== WORK ITEM ==
An exact copy of the listing below is required, minus its pictures.

== ENTRIES SUPPLIED ==
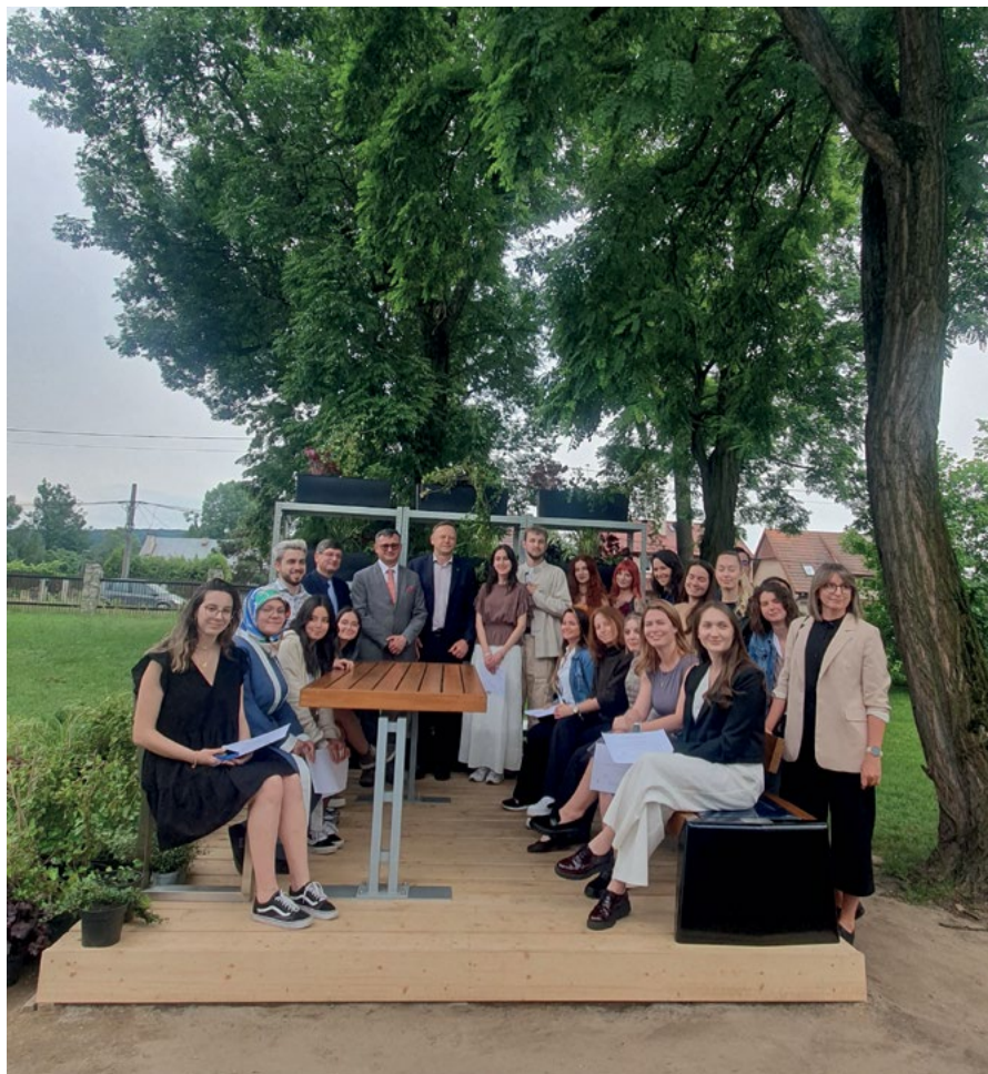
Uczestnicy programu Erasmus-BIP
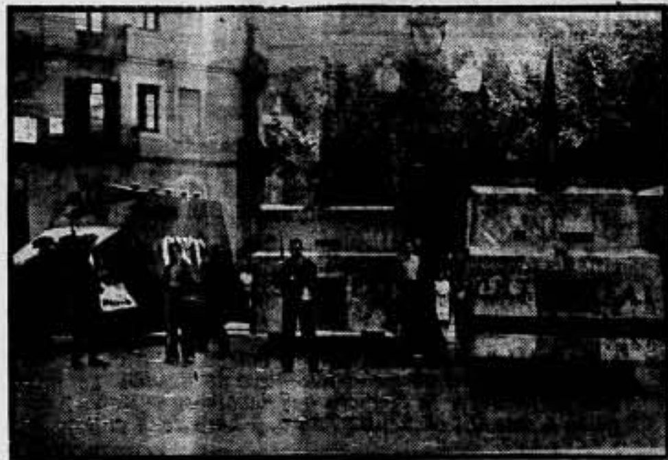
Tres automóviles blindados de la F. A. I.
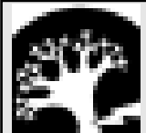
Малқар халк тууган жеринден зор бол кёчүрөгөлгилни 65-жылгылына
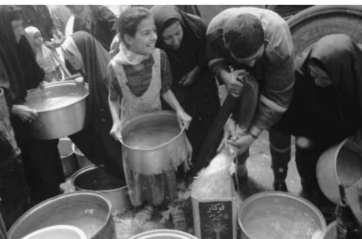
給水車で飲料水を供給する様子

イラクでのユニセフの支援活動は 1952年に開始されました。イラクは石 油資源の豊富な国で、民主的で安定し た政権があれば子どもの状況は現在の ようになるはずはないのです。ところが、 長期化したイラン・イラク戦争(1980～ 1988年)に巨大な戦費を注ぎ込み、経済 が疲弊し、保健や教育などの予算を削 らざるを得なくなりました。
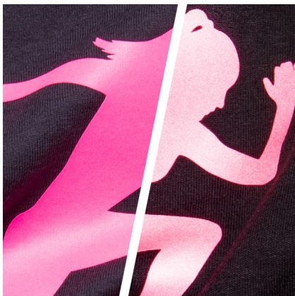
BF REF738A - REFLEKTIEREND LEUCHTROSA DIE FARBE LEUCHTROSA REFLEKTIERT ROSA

== SOLUTION FOR THIS PROBLEM ==
Uczestnicy programu Erasmus-BIP
Tres automóviles blindados de la F. A. I.
Малқар халк тууган жеринден зор бол кёчүрөгөлгилни 65-жылгылына
給水車で飲料水を供給する様子

イラクでのユニセフの支援活動は 1952年に開始されました。イラクは石 油資源の豊富な国で、民主的で安定し た政権があれば子どもの状況は現在の ようになるはずはないのです。ところが、 長期化したイラン・イラク戦争(1980～ 1988年)に巨大な戦費を注ぎ込み、経済 が疲弊し、保健や教育などの予算を削 らざるを得なくなりました。
BF REF738A - REFLEKTIEREND LEUCHTROSA DIE FARBE LEUCHTROSA REFLEKTIERT ROSA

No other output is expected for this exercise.